When is a + ib = c + id? (a,b,c,d are real)

 

[Oblio]

whennn...
a=c, b=d?

 

[neutrino]

Right.

So when you equate cos(2t) + isin(2t) and cos^2(t) + 2isin(t)cos(t) - sin^2(t)...?

(using 't' instead of theta.)

 

[Oblio]

well if i use what I am trying to prove,
cos(2t) = cos^2(t)-sin^2(t)
and sin(2t) = 2sintcost

 

[Oblio]

but doesn't this method require that which I am proving, to prove it?

 

[neutrino]

well if i use what I am trying to prove,
cos(2t) = cos^2(t)-sin^2(t)
and sin(2t) = 2sintcost

but doesn't this method require that which I am proving, to prove it?

No. You're just equating the real and imaginary parts of the complex numbers. All you're using is the definition of equality of two complex numbers. (a = c, b = d)

 

[Oblio]

No. You're just equating the real and imaginary parts of the complex numbers. All you're using is the definition of equality of two complex numbers. (a = c, b = d)
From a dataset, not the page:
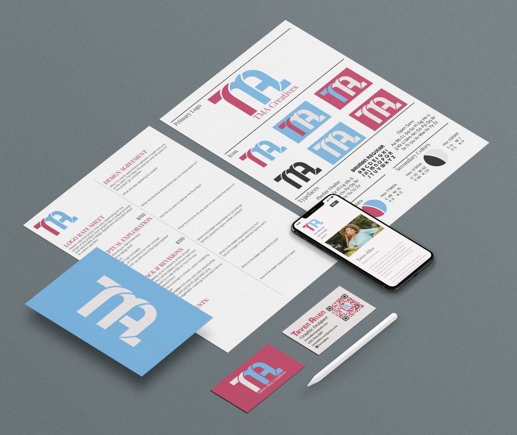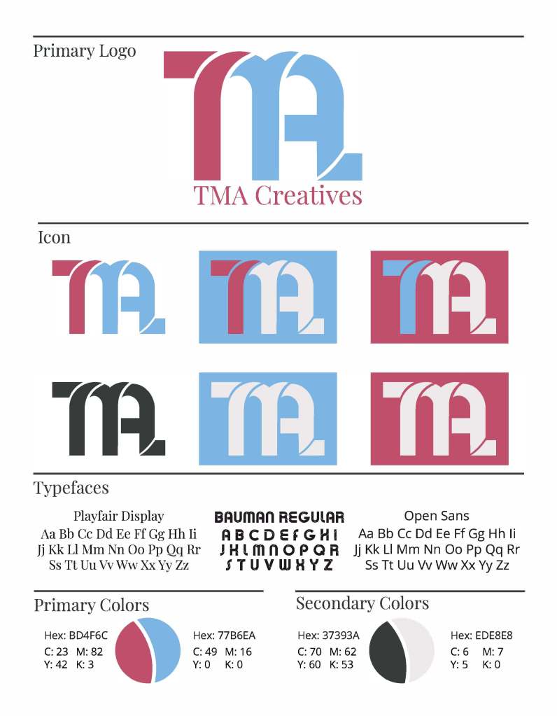 Problem-Solving: I spent a lot of time playing with the main icon. I wanted it to be a combination of my initials, TMA, while still being fun and clean. I was inspired by the font Bauman Regular and was able to merge the three letters together and add a tail to the A to create balance between the left and right sides of the icon. The icon on its own is very clean so the color choice of the light blue and dark pink add in that fun aspect to the icon.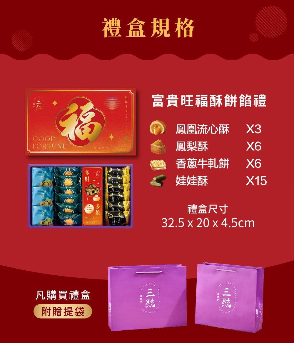 內容物:鳳凰流心酥*3入+鳳梨酥*6入+香蔥牛軋餅*6入+包種茶娃娃酥*15入

So is it a valid proof to say that

cos2t +isin2t = cos^2(t) + 2isintcost - sin^2(t)

cos2t must = cos^2(t)-sin^2(t)
sin2t=2sintcost ?

 

[neutrino]

They must be equal since the corresponding real and imaginary components are equal.

I think writing the RHS as (cos^2(t) - sin^2(t)) + i(2sin(t)cos(t)) will make things familiar to you.

 

[Oblio]

Ok.

If the i's cancel leaving:
cos2t + sin2t = cos^2(t) - sin^2(t) + 2sin(t)cos(t)

There are all real parts. You don't think I'll need to prove the two RHS pieces?